Google Cloud (also known as Google Cloud Platform or GCP) is a provider of computing resources for developing, deploying, and operating applications on the Web. Although its cloud infrastructure does serve as the host for applications such as Google Workplace (formerly G Suite, and before that Google Apps), GCP is mainly a service for building and maintaining original applications, which may then be published via the Web from its hyperscale data center facilities.
Google Cloud
When you run a Web site, an application, or a service on GCP, Google keeps track of all of the resources it uses — specifically, how much processing power, data storage, database queries, and network connectivity it consumes.
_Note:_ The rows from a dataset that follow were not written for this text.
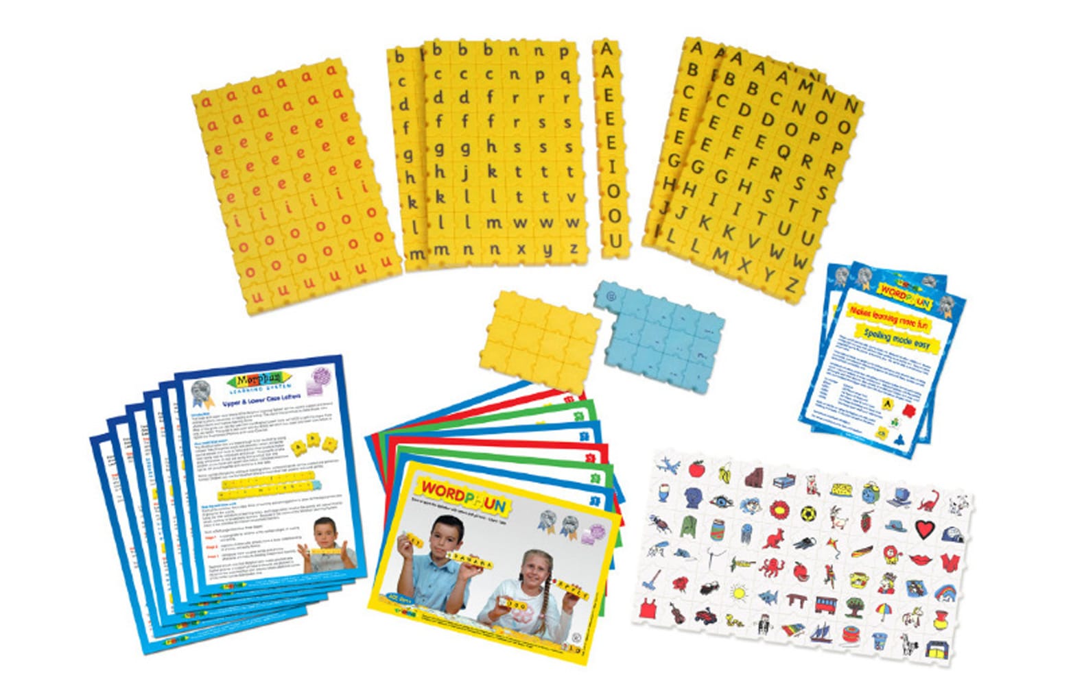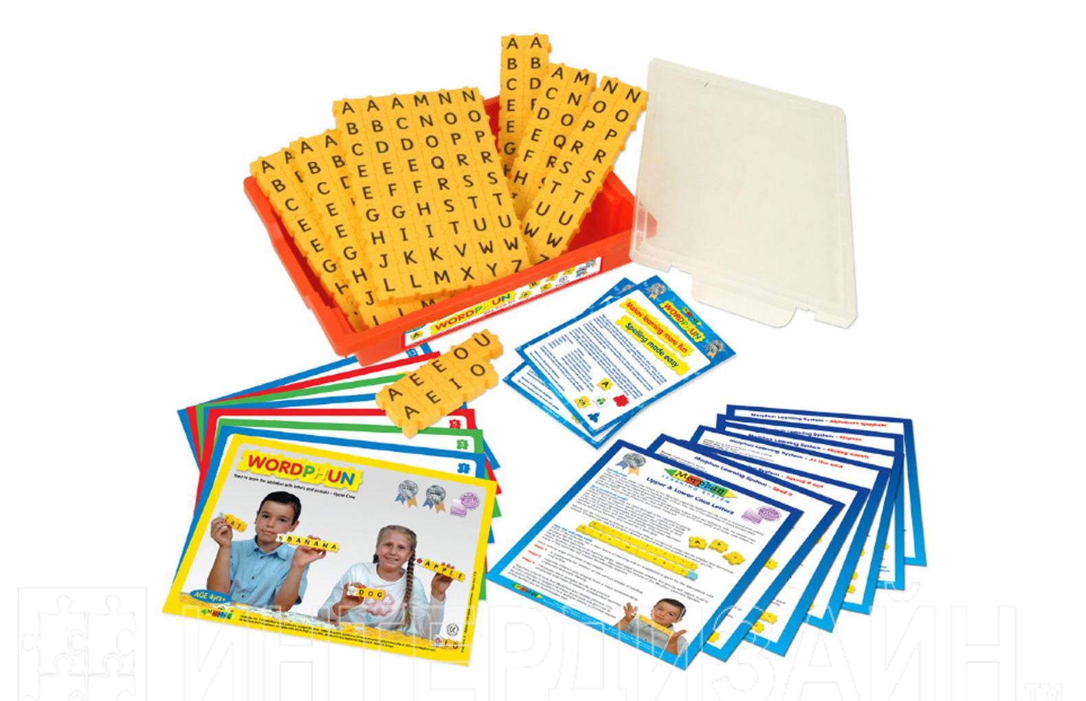 Конструктор используется для увлекательных занятий английским языком и чтением. Состоит из деталей желтого цвета с нанесенными буквами и знаками препинания, соединяемых особым способом, исключающим неправильное расположение букв. Соединение крепко держит детали между собой, что очень удобно при составлении слов или предложений. Собранное слово ребенок может не только положить на стол (парту), но и взять в руки и показать педагогу, который сразу видит результат и если нужно исправит ошибку. Цветовое выделение букв дает возможность ребенку быстрее найти гласные (красный цвет), согласные (синий цвет) и заглавные буквы (черный цвет). Конструктор помогает выучить буквы, собирать из букв слоги, а затем фразы и предложения, осваивать правила орфографии и пунктуации. Комплекс заданий, упражнений и игр дает возможность значительно расширить словарный запас, развить память, речевые навыки, воображение, мышление детей.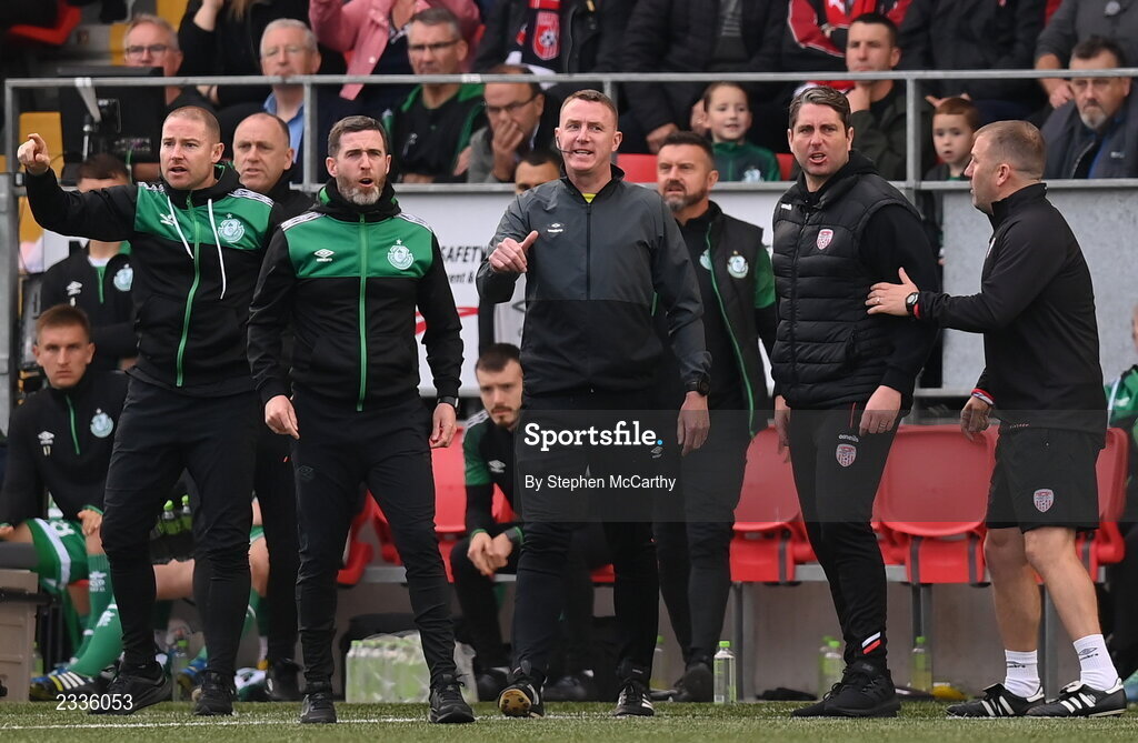 18 September 2022; Shamrock Rovers manager Stephen Bradley and Derry City manager Ruaidhrí Higgins during the Extra.ie FAI Cup Quarter-Final match between Derry City and Shamrock Rovers at The Ryan McBride Brandywell Stadium in Derry. Photo by Stephen McCarthy/Sportsfile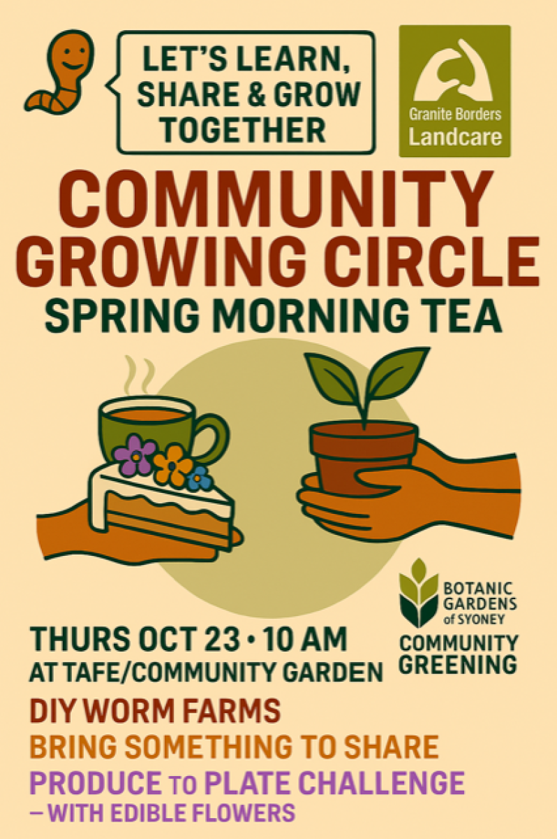 Morning tea and Petal tasting, worm farming at the Tenterfield Community Garden at TAFE. RSVP to Gail Galloway: 0407 359 614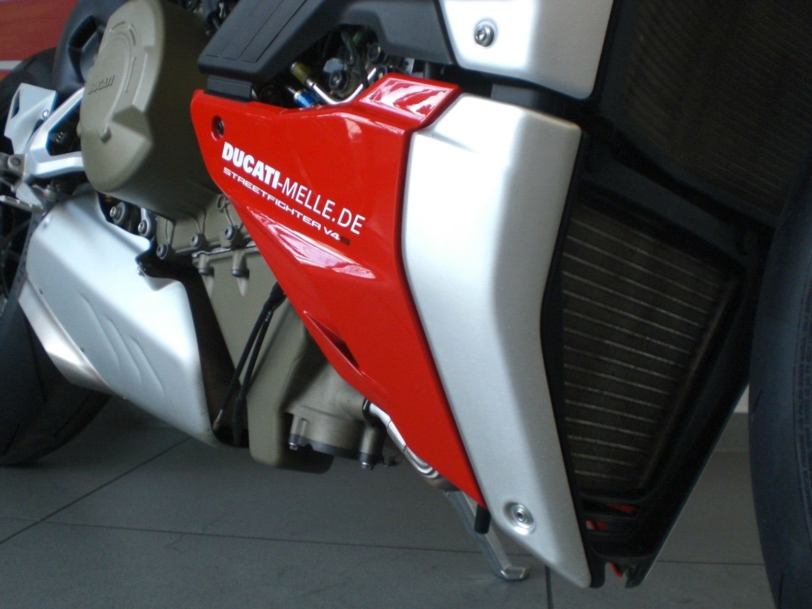 sehr gepflegter V4 S aus 1.Hand, unfallfrei, scheckheftgepflegt, 3 Riding Modes, Power Modes, Bosch Kurven ABS Evo, Traktionskontrolle(DTC Evo II), Wheelie Kontrolle(DWC Evo), Slide Kontrolle(DSC), Quickshifter up/down (DQS Evo II), Ducati Power Launch (DPL) gute Bereifung, individuell einstellbares elektronisches Öhlins Fahrwerk(Gabel, Federbein hinten, Lenkungsdämpfer), Stahlflexleitungen rundum, vielfach einstellbare Handhebel an Radialpumpen, Hinterradabdeckung, leichte Marchesini Schmiedefelgen für ein perfektes Handling, Brembo Radial Monoblock Bremsanlage vorn, LED Rücklicht, kurzer Heckumbau von EvoTech mit LED Blinkern, LED Scheinwerfer, LED Blinker vorne, Knee Pads von Performance, Tankpad von Performance, Monoposto Heck von Performance, Tankring von SW-MoTech, 178kg trocken, 199kg fahrfertig, 16 Liter Tankvolumen, 124NM Drehmoment, 845mm Sitzhöhe, Desmo-Service nur noch alle 24.000km,
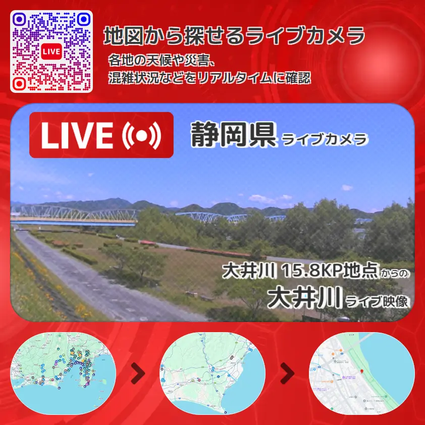 大井川の他に、大井川橋や周辺の気象状況も併せてチェックすることが可能で、台風・大雨・地震などの災害による被害状況も把握することができます。
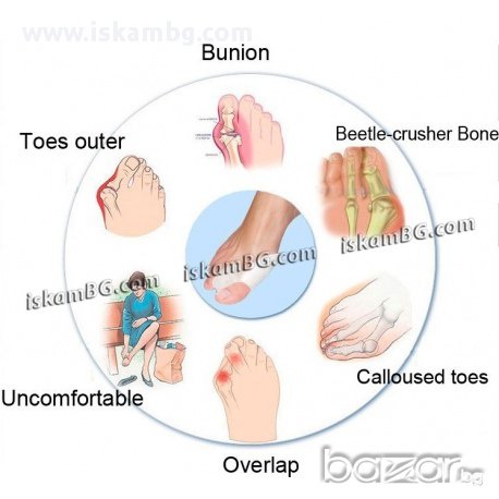 Облекчете болката в палеца и малкото пръстче със силиконов разделител за пръстите на краката. Този иновативен продукт е изработен от тънък и мек силикон, който нежно помага за изправянето на притискането от обувките пръсти на краката и за предотвратяването на подутината върху ставата в основата им. Палеца е изправен, а малкото пръстче е облекчено.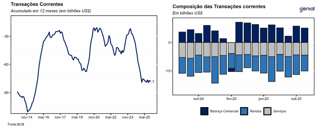 No mês de novembro, as transações correntes do balanço de pagamentos registraram déficit de US$ 4,9 bilhões, ante resultado negativo de US$ 4,4 bilhões no mesmo mês de 2024. O resultado veio um pouco melhor do que a mediana das projeções de mercado (US$ -5,05 bilhões, Broadcast+) e a nossa projeção (US$ -5,4 bilhões). Nos últimos doze meses o resultado foi de US$ -77,7 bilhões (3,47% do PIB), consideravelmente pior do que o registrado no mesmo período de 2024 (US$ -61,5 bilhões; 2,78% do PIB).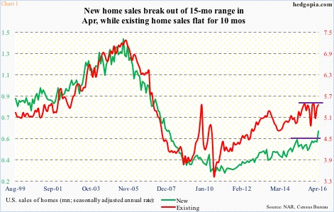 This week, May’s existing and new home sales data come out – on Wednesday and Thursday, respectively. In April, the former rose 1.7 percent month-over-month to a seasonally adjusted annual rate of 5.45 million units, and has essentially gone sideways since June last year. The latter jumped 16.6 percent to 619,000 units (SAAR) to break out of 15-month consolidation (Chart 1).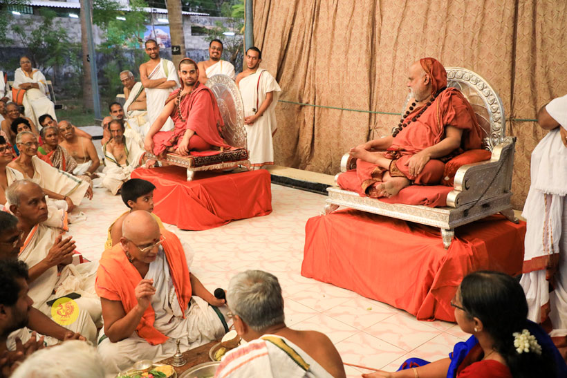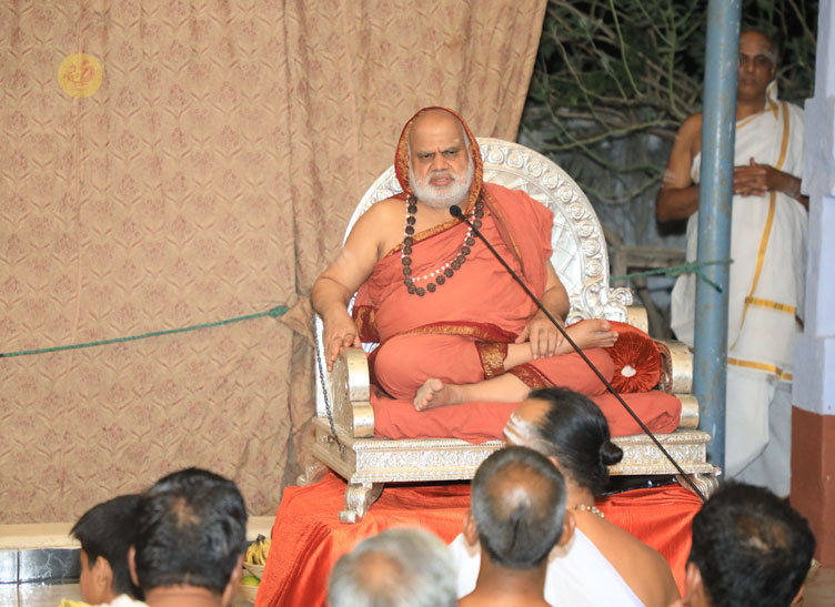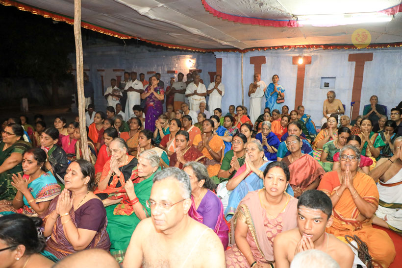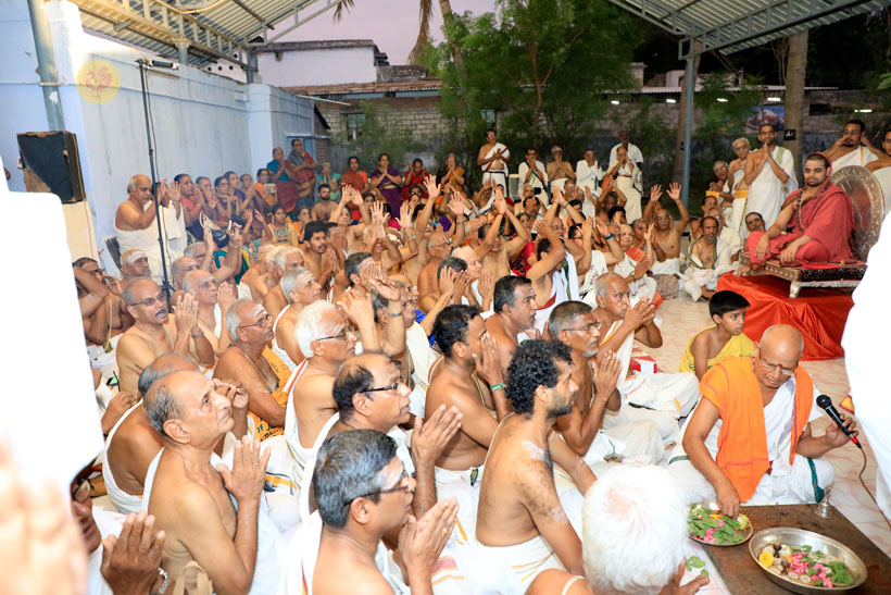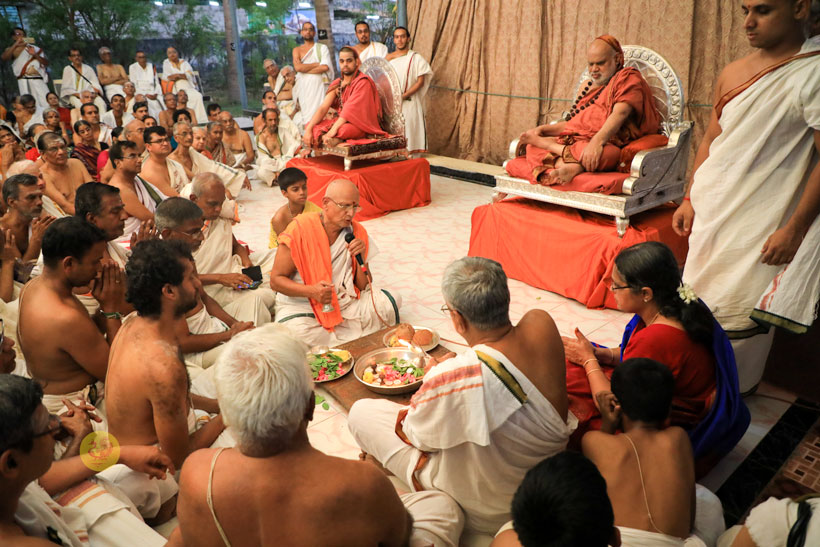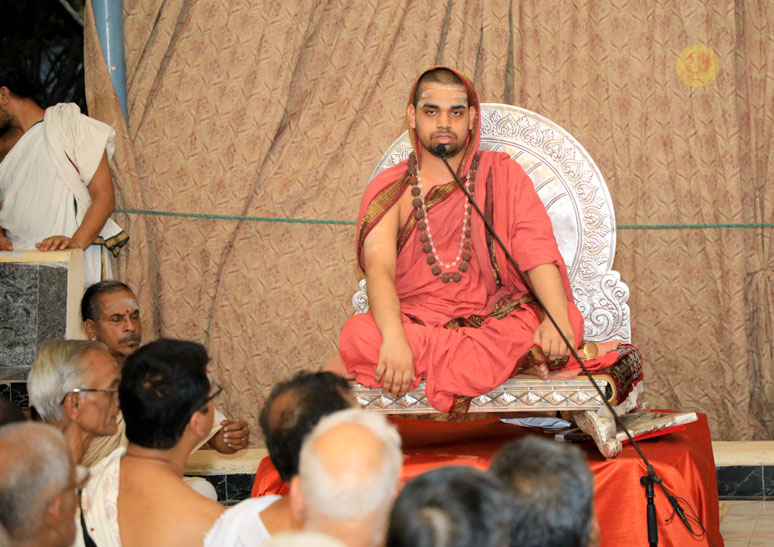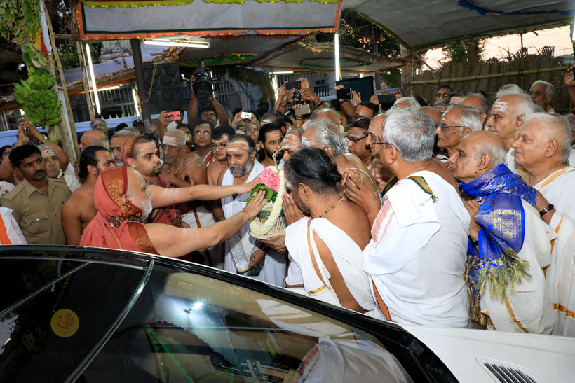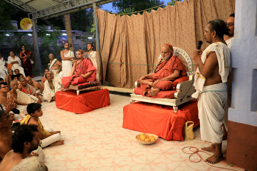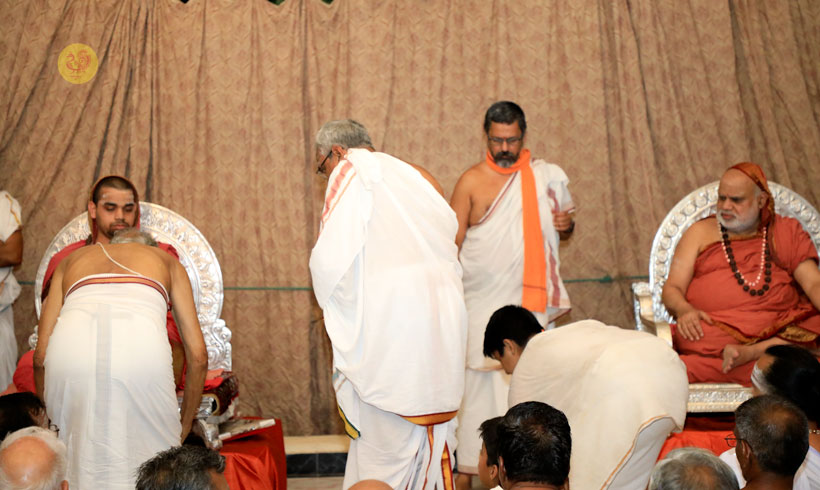 Dhuli Pada Puja was performed by Sri PK Seshadri. After Veda Ghosha, prayer and Samarpanam of Swagata Patrikas in Sanskrit and Tamil, Sri Mahasannidhanam and Sri Sannidhanam blessed the devotees with Anugraha Bhashanams.

Rather than lease a server or a DNS address by the month (which is what you would do with an ordinary Web site provider), you pay for each of these resources on a per-minute or even per-second basis, with discounts that apply when your services are used heavily by your customers on the Web.
From the perspective of corporate parent Alphabet, GCP is a separate business unit, addressing the business need for enterprises and, in some cases, individuals to deploy software that is usable via Web browsers or through Web apps. GCP leases software, along with the resources needed to support that software and the tools with which such software is developed, on a pay-as-you-go basis.